Input for this task section start

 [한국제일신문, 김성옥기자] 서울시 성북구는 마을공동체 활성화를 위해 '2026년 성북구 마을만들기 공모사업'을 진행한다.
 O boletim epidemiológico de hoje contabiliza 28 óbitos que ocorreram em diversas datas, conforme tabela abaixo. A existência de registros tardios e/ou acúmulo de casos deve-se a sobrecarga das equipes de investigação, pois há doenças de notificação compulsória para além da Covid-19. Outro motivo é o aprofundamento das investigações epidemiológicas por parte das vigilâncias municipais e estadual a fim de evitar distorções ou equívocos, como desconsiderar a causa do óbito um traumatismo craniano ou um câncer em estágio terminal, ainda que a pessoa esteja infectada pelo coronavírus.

Input for this task section end
Input for this task section start

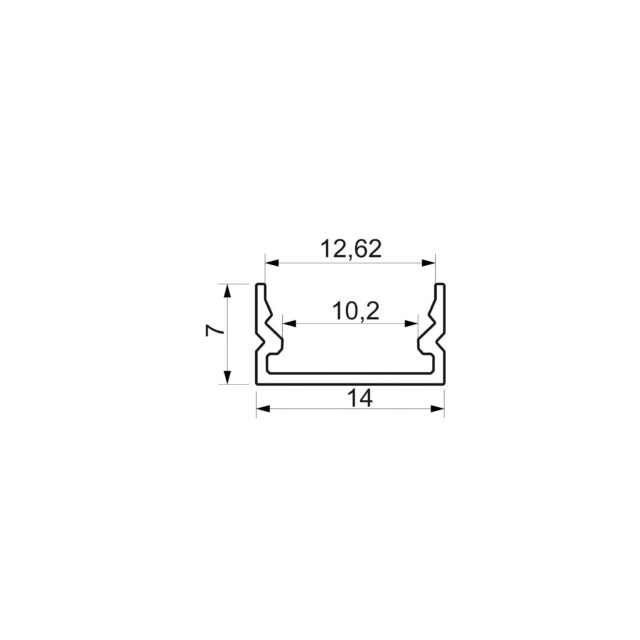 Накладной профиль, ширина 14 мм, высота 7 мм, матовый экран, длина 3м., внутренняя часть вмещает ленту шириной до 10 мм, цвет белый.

Input for this task section end

* _Instructions for the task_
Once you reach the line with "[한국제일신문, 김성옥기자] 서울시" in the data above, copy it and every line after it exactly, up to and including the line with "O boletim epidemiológico".

* _Expected output_
 [한국제일신문, 김성옥기자] 서울시 성북구는 마을공동체 활성화를 위해 '2026년 성북구 마을만들기 공모사업'을 진행한다.
 O boletim epidemiológico de hoje contabiliza 28 óbitos que ocorreram em diversas datas, conforme tabela abaixo. A existência de registros tardios e/ou acúmulo de casos deve-se a sobrecarga das equipes de investigação, pois há doenças de notificação compulsória para além da Covid-19. Outro motivo é o aprofundamento das investigações epidemiológicas por parte das vigilâncias municipais e estadual a fim de evitar distorções ou equívocos, como desconsiderar a causa do óbito um traumatismo craniano ou um câncer em estágio terminal, ainda que a pessoa esteja infectada pelo coronavírus.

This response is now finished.